Opinion 89-56

This opinion represents the views of the Office of the State Comptroller at the time it was rendered. The opinion may no longer represent those views if, among other things, there have been subsequent court cases or statutory amendments that bear on the issues discussed in the opinion.

LOCAL LAWS -- Compensation (authority to make incentive payments to employees who report health care services billed but not provided)
COLLECTIVE BARGAINING -- Compensation (payments to employees who report health care services billed but not provided)
PUBLIC OFFICERS AND EMPLOYEES -- Compensation (payments to employees who report health care services billed but not provided)

MUNICIPAL HOME RULE LAW, §10(1)(ii)(a), (d)(3); TOWN LAW, §27; CIVIL SERVICE LAW, §200, et seq.: A town which has established a self-insured health insurance plan may provide, by local law or pursuant to a collective bargaining agreement, for cash incentive payments to employees who identify health care services which are billed to the town but were not rendered.
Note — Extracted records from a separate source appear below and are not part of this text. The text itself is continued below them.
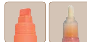
Parallel Point Markers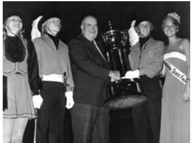
1976 State Fair Grand Champion trophy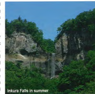
Inkura Falls in summer

In this area, the abundant underground water has slowly percolated through the thick volcanic ash layers that have accumulated from Mt. Tarumae's past eruptions, leaving it clean and clear. Evergreen trees such as Ezomatsu and Todomatsu and broad-leaved trees including Nara (oak ( Quercus )), Itaya (painted maple ( Acer mono Maxim. )), Katsura ( Cercidiphyllum japonicum Siebold et Zucc. ex Hoffm. et Schult.) and Harunire (Japanese Elm ( Ulmus davidiana var. japonica )) grow on the surrounding cliffs and gorges. The clear surface of the water reflects their changing seasonal colors.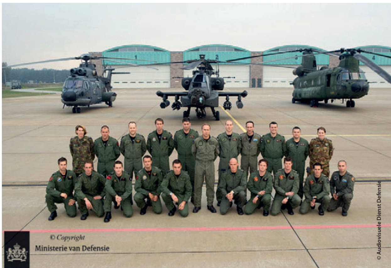
The Netherlands Helicopter Weapon Instructor Course with their AS-532 Cougar, AH-64D Apache and ICH-47D Chinook.

School (Buzau). They accomplish mountain training in Romania itself. They consider possibilities for foreign units for mountain training and fire ranges at Bacau and Campia Turzii.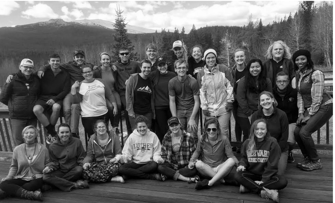
Students and staff from the University of Colorado in Boulder, Colorado State University in Fort Collins, and the University of Northern Colorado in Greeley participate in a fall retreat at Sky Ranch Lutheran Camp.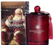
Santa's Cookies Candle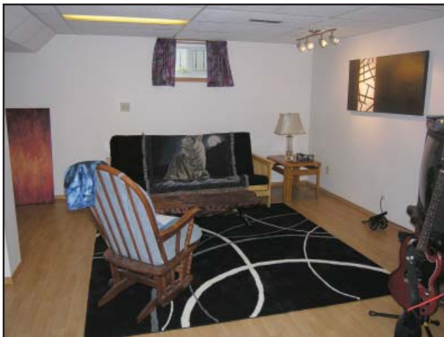
Fully finished lower level offering the fourth and fifth bedroom, spacious family room and 3-piece bath.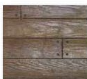
Random Boardwalk 6" Planks*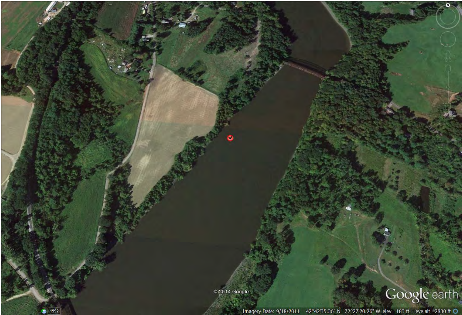
Photo 1183 Location

QA Observations: Upon review of the photos for this segment, classification made in the field was confirmed.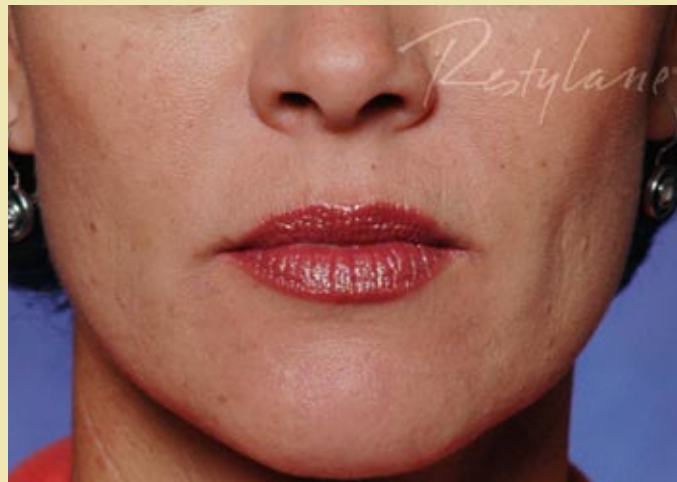
After treatment with 2 Restylane® 1 mL syringes Individual results may vary.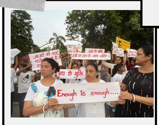
SILENT RALLY - JUSTICE IN RG KAR CASE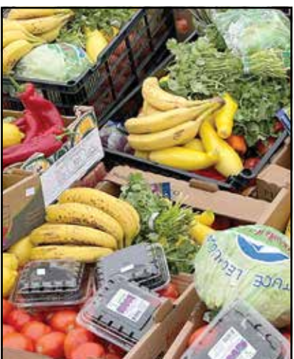
Fresh fruit and vegetables were distributed to farmworker families in need.

She said they first started dispensing to 100 families. The project has grown to provide for 500 to 600 families each month. "We are distributing in four cities, in-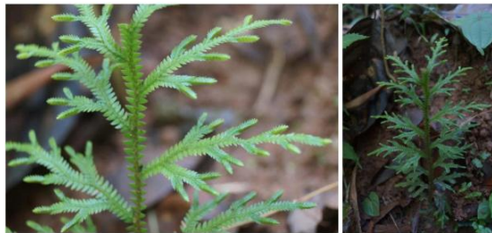
Figure 2: Selaginella selaginoides .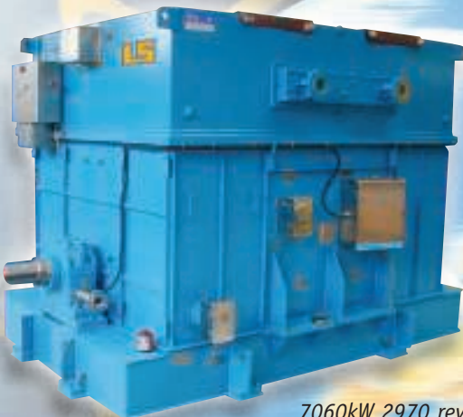
7060kW 2970 rev/min CACW 11000V 3ph 50Hz Main Oil Pump Motor 320% FLC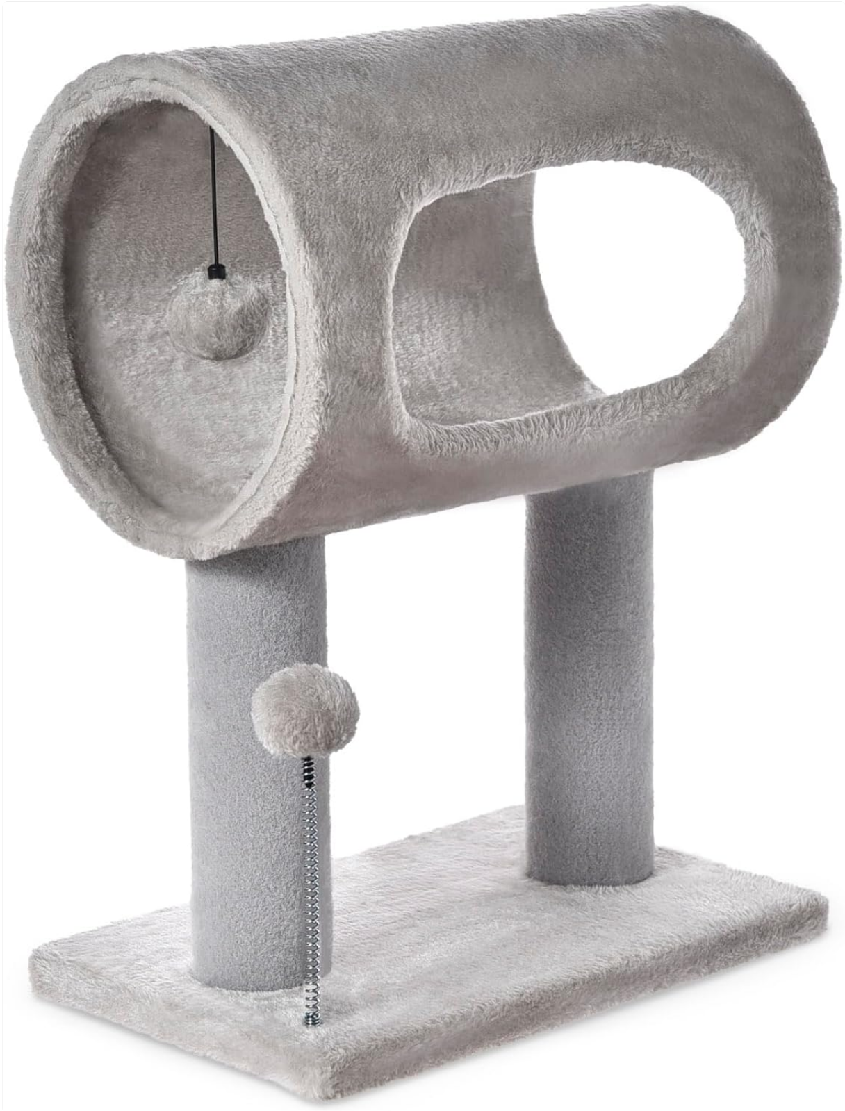
Image 3.1: Front view of the assembled Cat Craft Cat Tree, illustrating its components.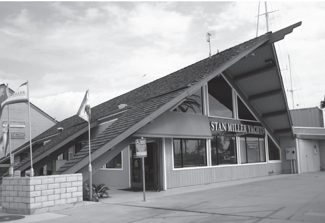
Stan Miller Yachts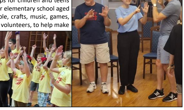
who showed up for each meeting. Most of them became a core group that were consistent in coming every time, and we are coming to

the camp happen. Most of them were once campers themselves. Most of these teens came in July to our Youth Camp, a residential camp for teens in the mountains. The theme was, What's Love Got To Do With It?, after the old pop song of that name. Our band learned this song for the camp and also led worship. For our main Bible lessons, we took lines from that song and made spiritual applications from them. One line is, "Who needs a heart when a heart can be broken?" We looked at scriptures that talk about Jesus as the solution, and the only safe place for our broken hearts.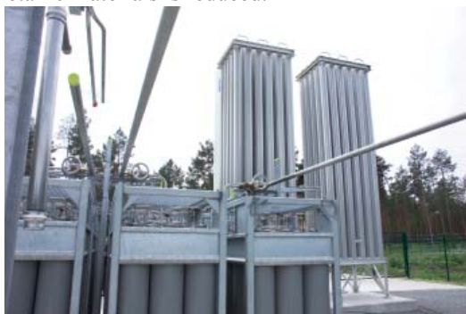
Fig. 2 Oxygen test facility

Oxygen is a very reactive gas and constitutes especially when enriched beyond the atmospheric conditions or pressurized an increased risk, as combustion velocity and burning temperatures are increased while the ignition temperature of non metallic materials is reduced.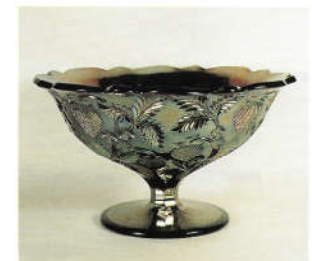
32. PLAIN / INVERTED STRAWBERRY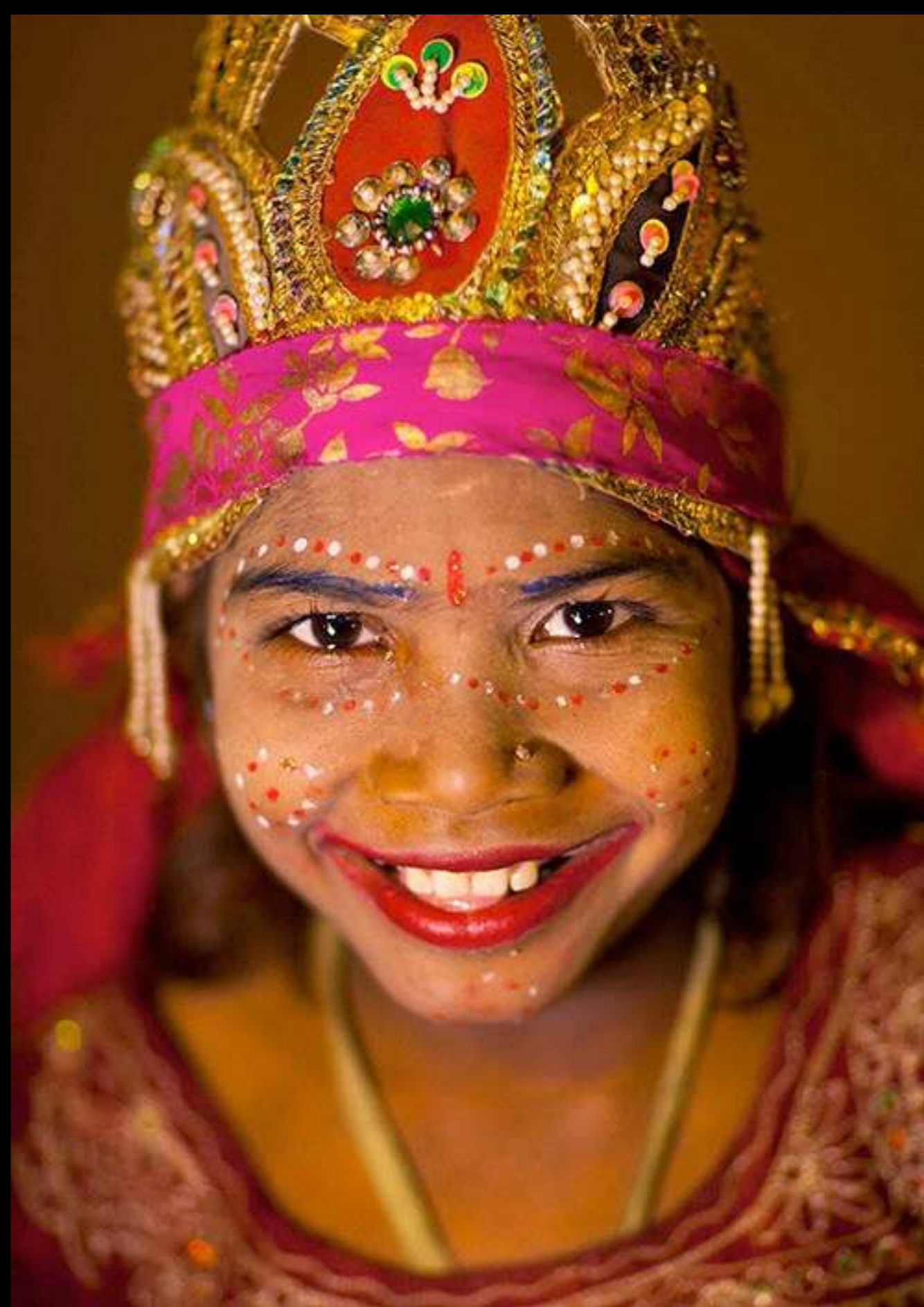
Little girls dressed up as Hindu divinities.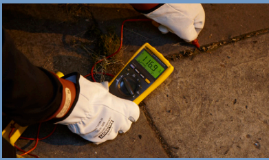
Record observations and measurements at fault locations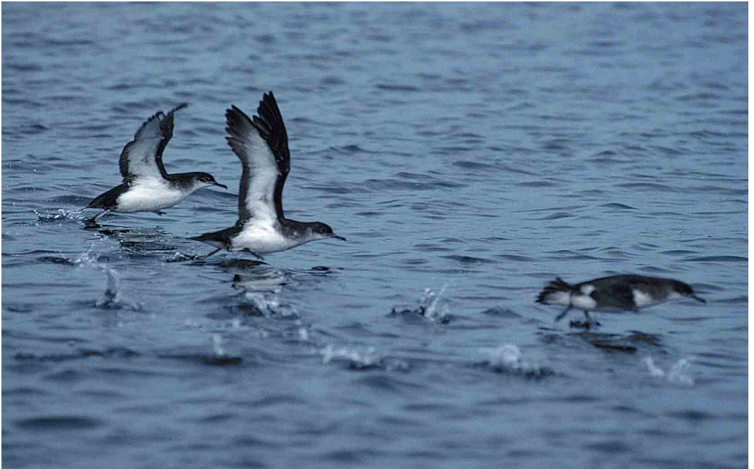
155 Manx Shearwaters / Noordse Pijlstormvogels Puffinus puffinus , Irish Sea, August 1996 (Anthony McGeehan)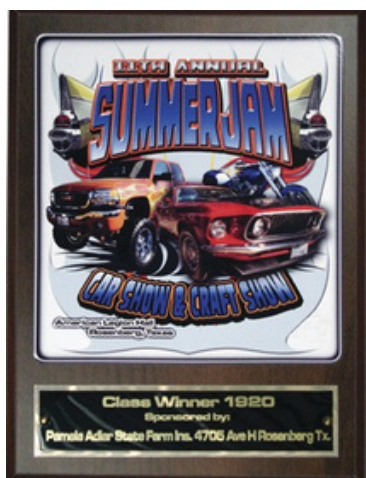
DIGITAL PLAQUE WITH LASER ENGRAVED PLATE

WARNING: Cancer and Reproductive Harm - www.P65Warnings.ca.gov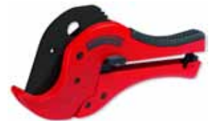
#RB52030 ROCut 63TC Plastic Pipe Shear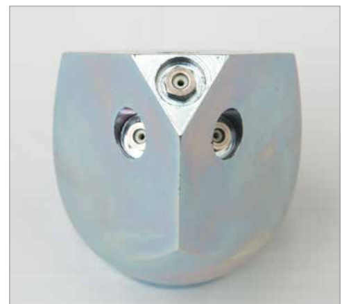
Raut 1" with ceramic inserts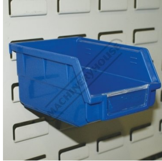
Plastic Bucket Container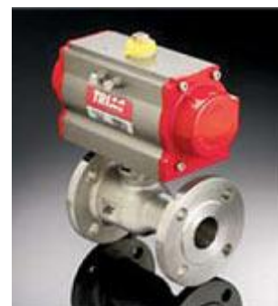
12 volt DC Valve Actuator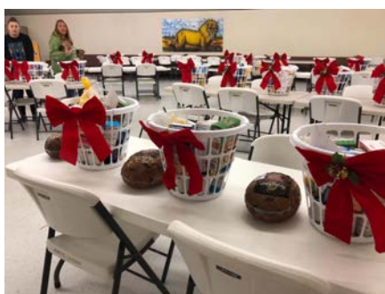
NorthWest Texas County Lions

The Fort Leonard Woods and NorthWest Texas County Lions gave back to their community by making sure everyone had what they needed during the holiday season (left)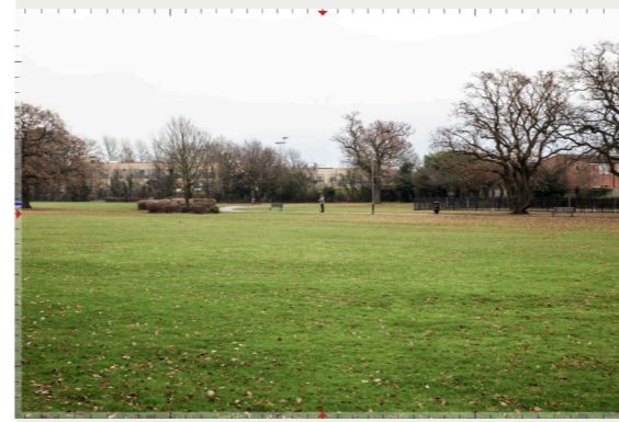
Woodcroft Park | West Corner | Winter - Existing 3508_1201 version 190321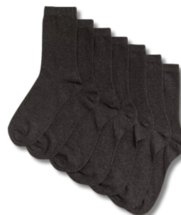
Charcoal ankle socks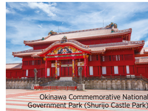
Okinawa Commemorative National Government Park (Shurijo Castle Park)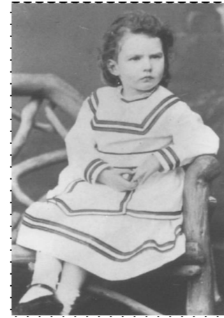
This is the picture of Gertrude Bell when she was young and old.

Did you know that Gertrude Bell could speak in 6 different Languages? In this report you will find out all about Gertrude Bell's travels and where she travelled, why she travelled and who she travelled with. Read the information text to find out more!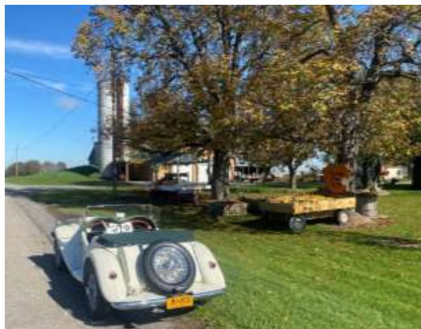
2021-44 Alternate Combination! Robinsons' TF at a farmstand with many pumpkins, and a barn with a silo and nice fall foliage

For one more combination photo, please see the final page of this Spokes issue!

This is in reply to your letter concerning certain payments proposed to be made to town employees. You state that the town has established a self-insured health insurance plan. As an incentive for employees to help identify charges made by health care providers for services not rendered, the town proposes to offer any employee who reports such a charge, a cash payment equal to one-half of the amount billed. You inquire whether this proposed incentive payment constitutes a gift of town funds in violation of Article VIII, §1 of the State Constitution.

Town Law, §27(1) provides that salaries of town officers and employees shall be in lieu of all fees, charges or compensation for all services rendered to the town. Accordingly, in the absence of proper statutory or home rule authorization, a town could not make the proposed cash payment to employees who identify health care services billed but not actually provided. In this regard, we note that General Municipal Law, §88-a, which authorizes municipalities to provide merit awards for suggestions which result in a more efficient or economical operation of their government, would not be applicable to the proposed program because the incentives would not be made for employee suggestions.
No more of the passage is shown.